The Night Skies of the Orroroo District

By Paul Curnow

I recently spent some time enjoying the scenery of the Flinders Ranges. I always find the night skies of this region absolutely stunning! Unfortunately, on this trip, it was close to full moon, so it wasn't at its best for a stargazer like me. On the way home I spent a night in Orroroo in the state's mid-north. I had two reasons for this, the first was my grandfather was born in Black Rock, which is located close to Orroroo – the second was to look at some of the general history of the area.

Before Europeans began to settle in the Orroroo district, it was once home to the Ngadjuri Aboriginal People. The Ngadjuri People have a rich history of art, astronomy and storytelling, in addition to other cultural beliefs and practices, and some of their artworks in the form of petroglyphs (carvings in rock) can easily be found in the town along the Pekina Creek. It is generally accepted that the name "Orroroo" has been derived from the Aboriginal word 'oorama', which means "rendezvous of the magpie", however others believe it to mean "early start."

Evidence suggests that in the past the Ngadjuri People once lived in larger populations around the mid-north when it was much wetter. For example, 18,000 years ago South Australia was still in the grips of an ice age and evidence suggests that the region would have been far less arid than today with a more plentiful supply of fresh drinking water.

Little has been recorded or passed down about the Dreaming and in particular the stellar beliefs of the Ngadjuri People; however, a number of snippets of how they viewed the nightly dance of stars above have survived. Additionally, there is some crossover in the ways the skies were seen between bordering groups such as the Kaurna on the Adelaide Plains to the south and the Adnyamathanha in the Flinders Ranges to the north.

For example, the Ngadjuri People see the Southern Cross as the claw of the majestic Wedge-tailed Eagle Aquila Audax. Eagles and other Australian Birds feature strongly in many stories told by Indigenous Australians and the Ngadjuri call the Southern Cross Wildu. This belief corresponds with the Adnyamathanha view of this part of the sky, which they call Wildu mandawi. Furthermore, the Lutheran missionaries Clamor Schürmann and Christian Teichelmann who arrived in the Adelaide colony in 1838 had recorded that the Kaurna People also have an eagle in the sky, which Schürmann and Teichelmann spelt as Wilto.

According to Ngadjuri Elder Barney Warrior (1873-1948), in the Dreaming of the Ngadjuri People there was once a camp in the Orroroo district when it was believed that animals were human beings. Wildu the eagle had been out hunting with the crow one day. When they returned from their hunt Wildu had not given the crow a fair share of the food they had collected, so the crow became angry and set a trap so that the eagle would injure his foot by stepping on a sharpened kangaroo bone. The eagle had tried to pursue the crow but never caught up with him. The word for crow is wakala and it is conceivable based on other Aboriginal names around Australia that this may have been the star Canopus in the constellation of Carina. For example, the Boorong name War, and the Boandik Wa, or Wah, all apply to Canopus.

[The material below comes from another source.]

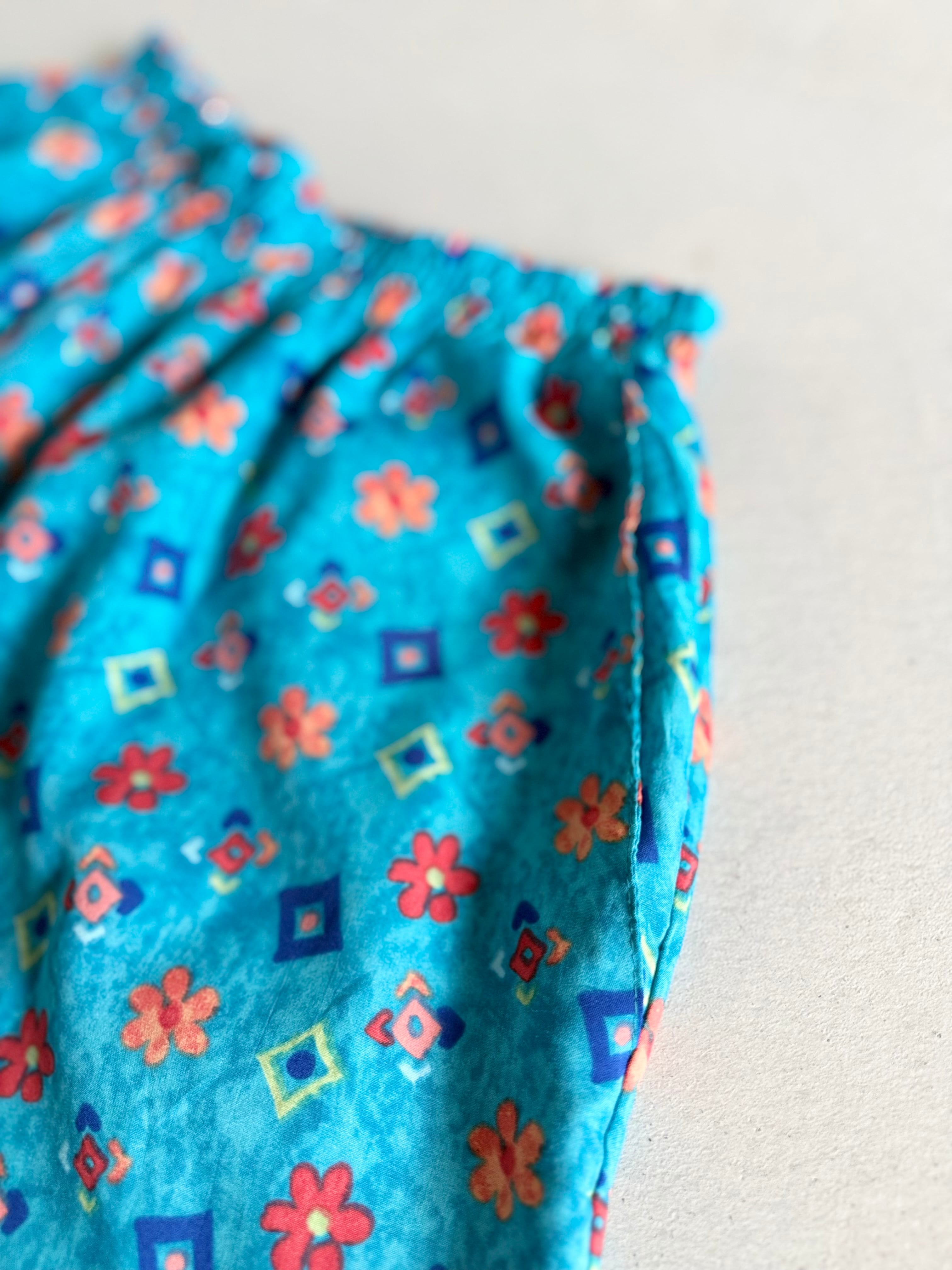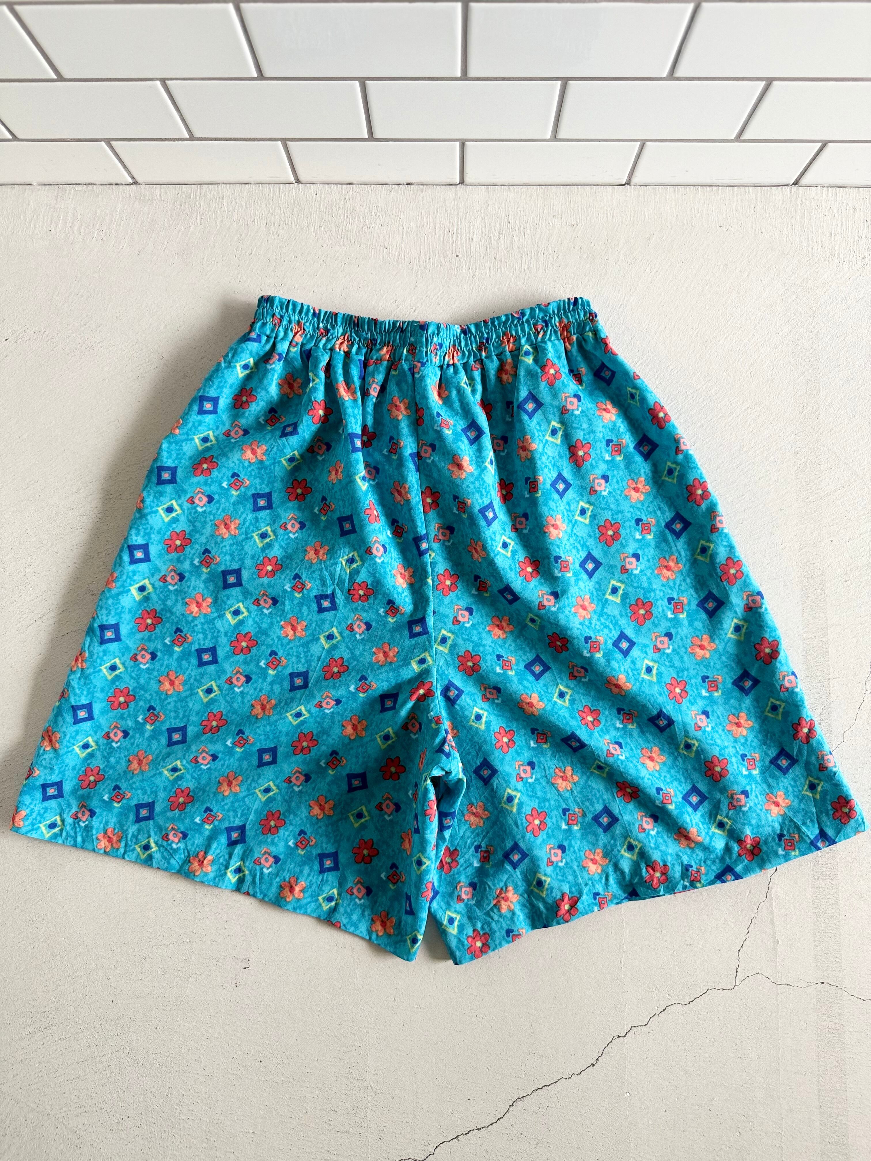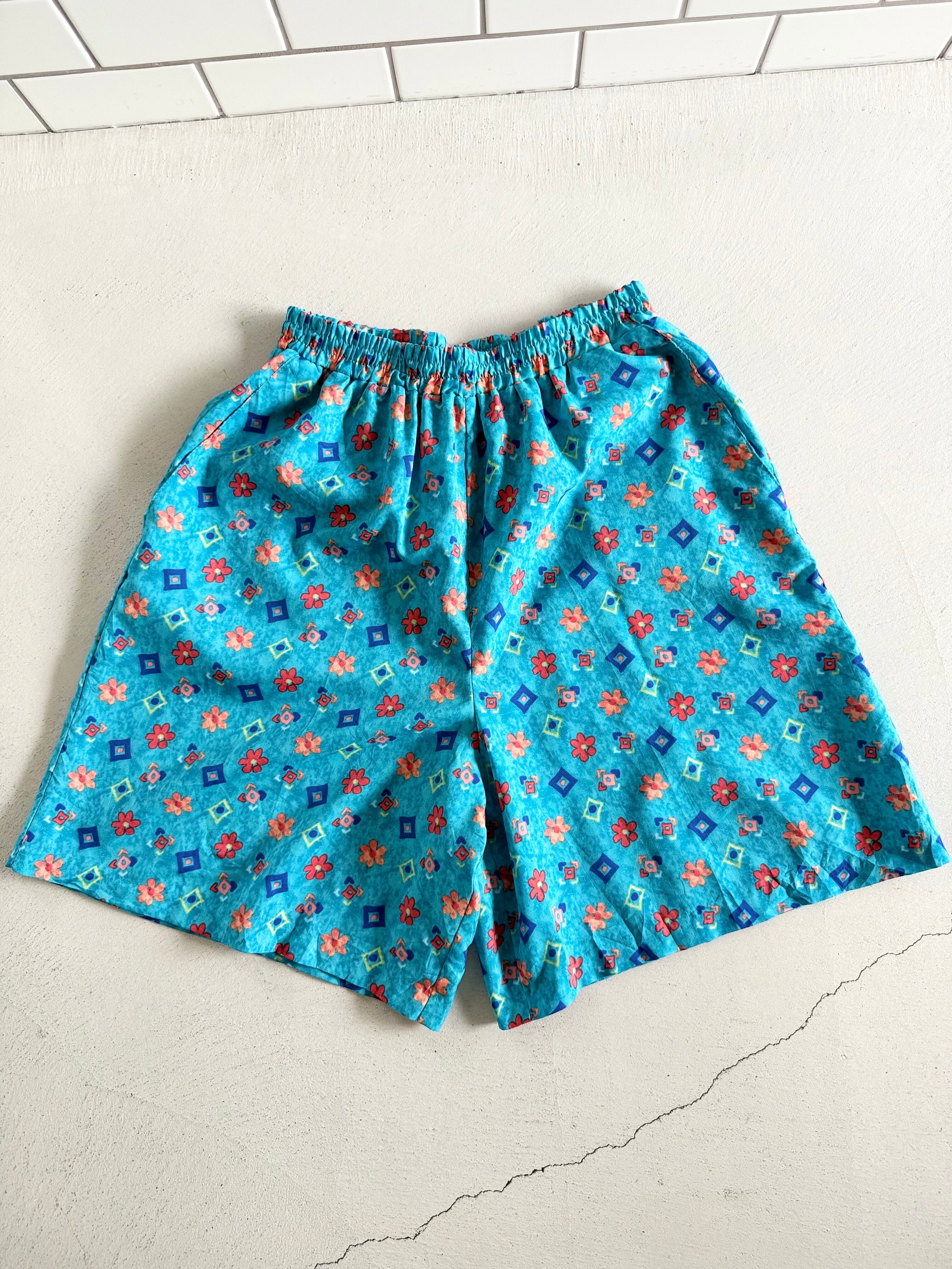 ERIN LONDON 90sプリントショーツ カラフルフラワー ユニセックス ターコイズブルー

To the Ngadjuri People the band of the Milky Way is known as wali'bari and like the Kaurna and Ramindjeri Peoples to the south, it was seen as a river stretching across the sky (wali or wadli = hut, bari = river or creek). Strewn along the banks of this celestial river are a number of bark huts or as they are commonly referred to throughout Australia wurlies. The term for 'star' in the Ngadjuri language is budli. Furthermore, prominent in southern skies during summer is the Pleiades Cluster. The Pleiades are an open cluster of stars, which are believed to have formed approximately 50-60 million years ago, and are located some 378 light years away from our sun. The Ngadjuri refer to these stars as Bulali.

In addition, the nightly motion of the stars and moon were used as a calendar to monitor the seasons. This was vital to survival in Aboriginal society to assure that they would know which bush foods were available throughout the year, based on the seasonal changes of constellations in the sky. The Ngadjuri People know the moon as Bera and the sun is known as Jandu or Djendu.

With the exception of modern Ngadjuri descendants living in the district, there are few reminders of the people who once lived in this area. However, take a walk down to Pekina Creek and journey back in time to see the 'petroglyphs' left by the earlier inhabitants of the region. These were first recorded by a non-indigenous person in 1959, a Mr H. E. Burrows from the South Australian Museum. The style of art found in Pekina Creek is referred to as 'Panaramitee style' and it is found in many regions around the mid-north of the state. This style of art often includes circles, animal tracks and straight lines. In addition, engraving sites like the one down at Pekina Creek in Orroroo represent a way of passing on knowledge, a way of teaching people where to find water, the food sources in the locality and sometimes relates to the Dreaming stories of the people.